> _DATA_:

= = = = =

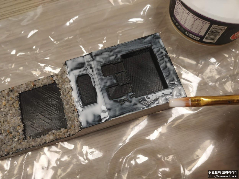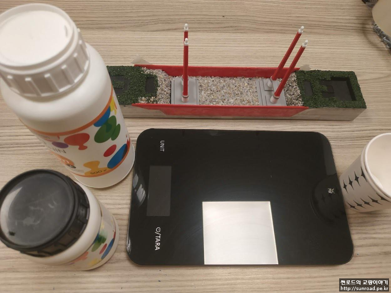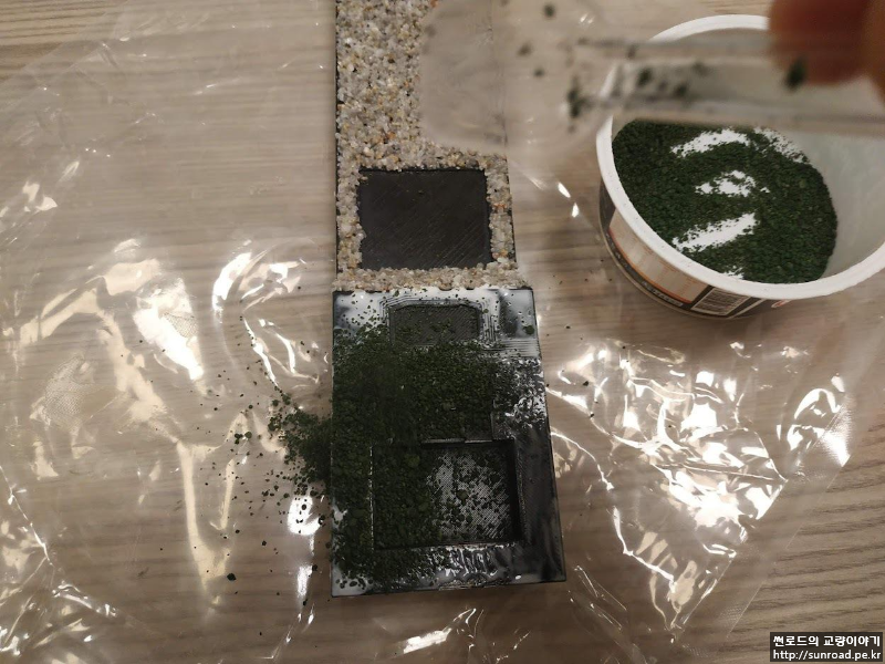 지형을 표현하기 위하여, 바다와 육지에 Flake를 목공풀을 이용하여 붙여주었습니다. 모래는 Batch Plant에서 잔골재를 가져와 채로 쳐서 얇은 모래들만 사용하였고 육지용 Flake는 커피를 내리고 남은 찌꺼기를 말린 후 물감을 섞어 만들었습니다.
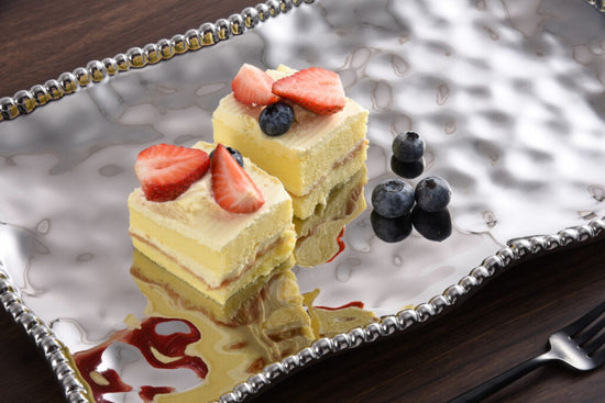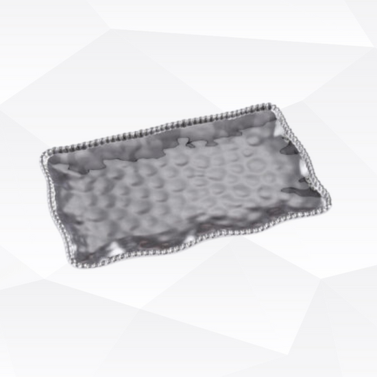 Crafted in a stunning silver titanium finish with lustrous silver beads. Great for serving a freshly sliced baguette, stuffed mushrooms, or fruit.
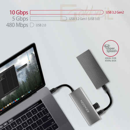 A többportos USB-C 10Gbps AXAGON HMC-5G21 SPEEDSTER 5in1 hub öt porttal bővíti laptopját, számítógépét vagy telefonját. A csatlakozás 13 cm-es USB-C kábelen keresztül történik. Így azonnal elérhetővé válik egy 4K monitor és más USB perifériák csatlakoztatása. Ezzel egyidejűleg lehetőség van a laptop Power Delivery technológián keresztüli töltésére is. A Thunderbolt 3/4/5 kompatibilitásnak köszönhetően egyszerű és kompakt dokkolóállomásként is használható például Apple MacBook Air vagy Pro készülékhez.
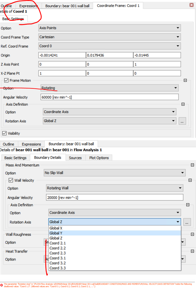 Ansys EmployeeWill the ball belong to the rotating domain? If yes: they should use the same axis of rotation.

= = = = =

> _WHAT IS EXPECTED_: An exact printout of the listing is needed, minus any pictures it contains.

> _WRITTEN ANSWER_:
 지형을 표현하기 위하여, 바다와 육지에 Flake를 목공풀을 이용하여 붙여주었습니다. 모래는 Batch Plant에서 잔골재를 가져와 채로 쳐서 얇은 모래들만 사용하였고 육지용 Flake는 커피를 내리고 남은 찌꺼기를 말린 후 물감을 섞어 만들었습니다.
 Crafted in a stunning silver titanium finish with lustrous silver beads. Great for serving a freshly sliced baguette, stuffed mushrooms, or fruit.
 A többportos USB-C 10Gbps AXAGON HMC-5G21 SPEEDSTER 5in1 hub öt porttal bővíti laptopját, számítógépét vagy telefonját. A csatlakozás 13 cm-es USB-C kábelen keresztül történik. Így azonnal elérhetővé válik egy 4K monitor és más USB perifériák csatlakoztatása. Ezzel egyidejűleg lehetőség van a laptop Power Delivery technológián keresztüli töltésére is. A Thunderbolt 3/4/5 kompatibilitásnak köszönhetően egyszerű és kompakt dokkolóállomásként is használható például Apple MacBook Air vagy Pro készülékhez.
 Ansys EmployeeWill the ball belong to the rotating domain? If yes: they should use the same axis of rotation.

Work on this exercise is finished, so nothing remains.